• [TASK TO COMPLETE]:
Print the lines in the listing below starting at the line with "Liven up your" and ending at the line with "Orange Dragon with", both included. Reproduce them exactly and omit every picture.

• [DATA FOR THIS EXERCISE]:
___

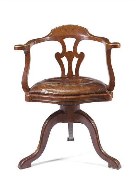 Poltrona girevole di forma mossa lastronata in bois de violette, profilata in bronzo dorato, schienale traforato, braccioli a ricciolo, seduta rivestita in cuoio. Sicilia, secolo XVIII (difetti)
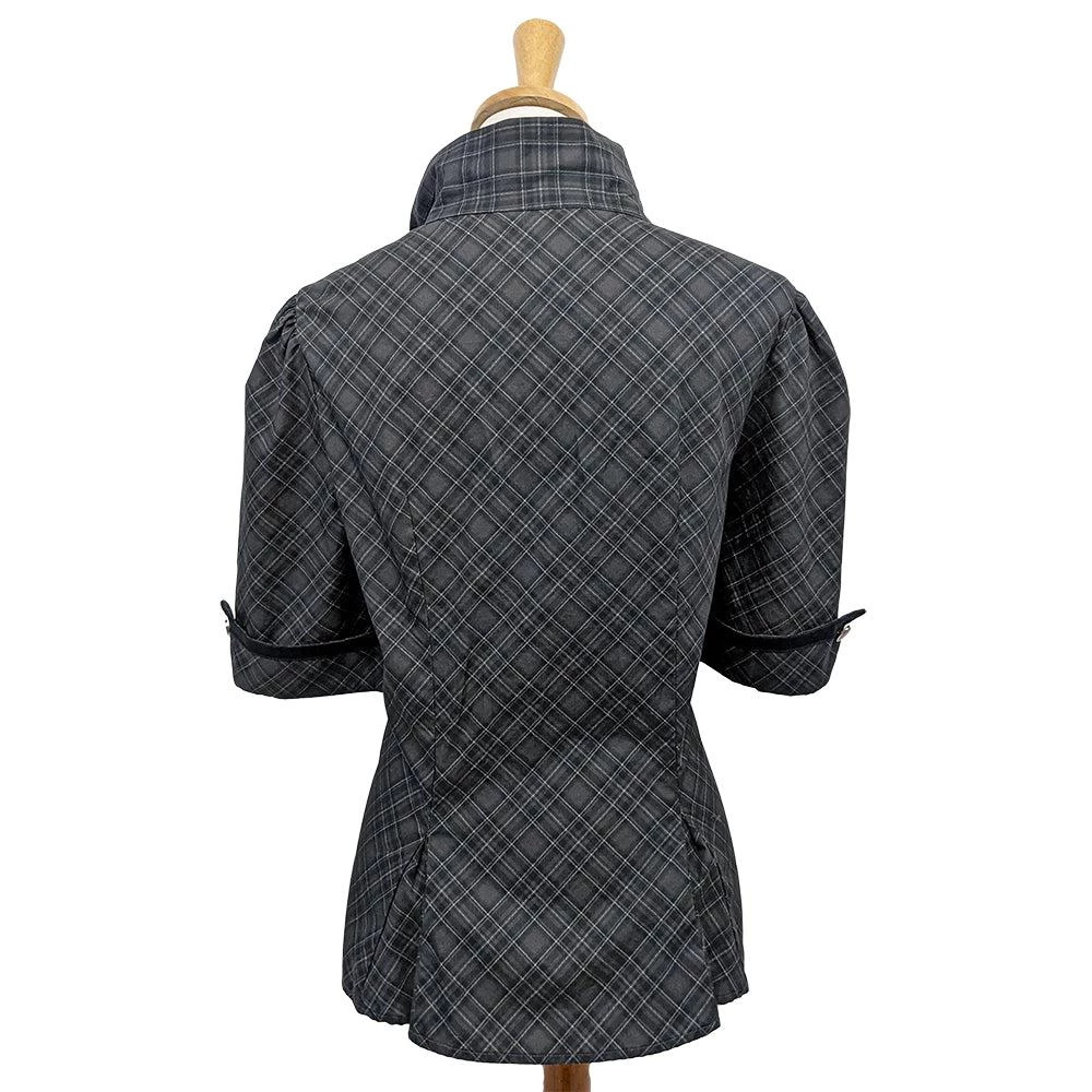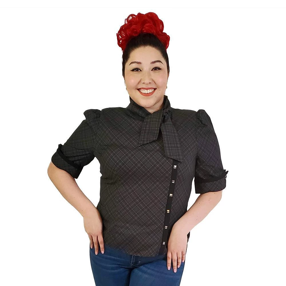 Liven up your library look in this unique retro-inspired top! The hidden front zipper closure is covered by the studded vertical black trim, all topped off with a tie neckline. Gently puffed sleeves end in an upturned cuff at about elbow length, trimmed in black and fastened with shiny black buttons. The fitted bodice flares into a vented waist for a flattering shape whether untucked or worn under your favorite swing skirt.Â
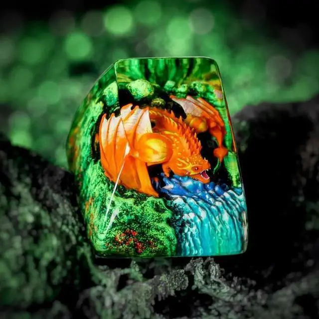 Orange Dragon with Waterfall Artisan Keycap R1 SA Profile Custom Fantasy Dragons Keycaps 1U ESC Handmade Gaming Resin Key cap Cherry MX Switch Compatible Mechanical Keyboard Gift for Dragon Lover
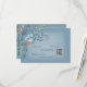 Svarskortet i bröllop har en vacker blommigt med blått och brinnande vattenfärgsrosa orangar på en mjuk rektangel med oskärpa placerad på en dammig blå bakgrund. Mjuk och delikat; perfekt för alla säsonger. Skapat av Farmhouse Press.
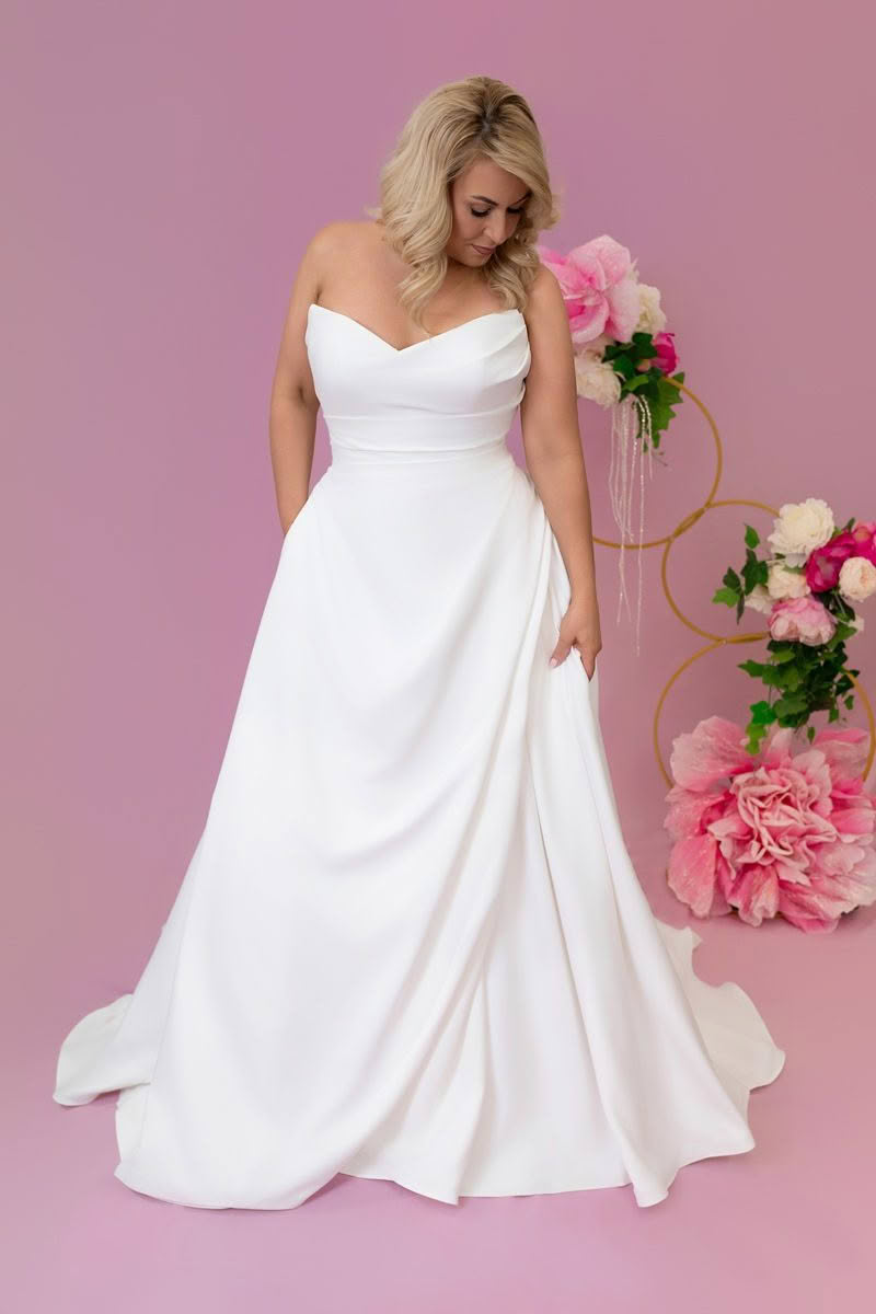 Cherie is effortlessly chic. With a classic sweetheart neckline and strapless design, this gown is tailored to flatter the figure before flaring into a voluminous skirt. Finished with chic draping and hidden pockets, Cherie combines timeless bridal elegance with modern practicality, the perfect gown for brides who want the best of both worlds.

___

• [RESPONSE FOR THIS EXERCISE]:
 Liven up your library look in this unique retro-inspired top! The hidden front zipper closure is covered by the studded vertical black trim, all topped off with a tie neckline. Gently puffed sleeves end in an upturned cuff at about elbow length, trimmed in black and fastened with shiny black buttons. The fitted bodice flares into a vented waist for a flattering shape whether untucked or worn under your favorite swing skirt.Â
 Orange Dragon with Waterfall Artisan Keycap R1 SA Profile Custom Fantasy Dragons Keycaps 1U ESC Handmade Gaming Resin Key cap Cherry MX Switch Compatible Mechanical Keyboard Gift for Dragon Lover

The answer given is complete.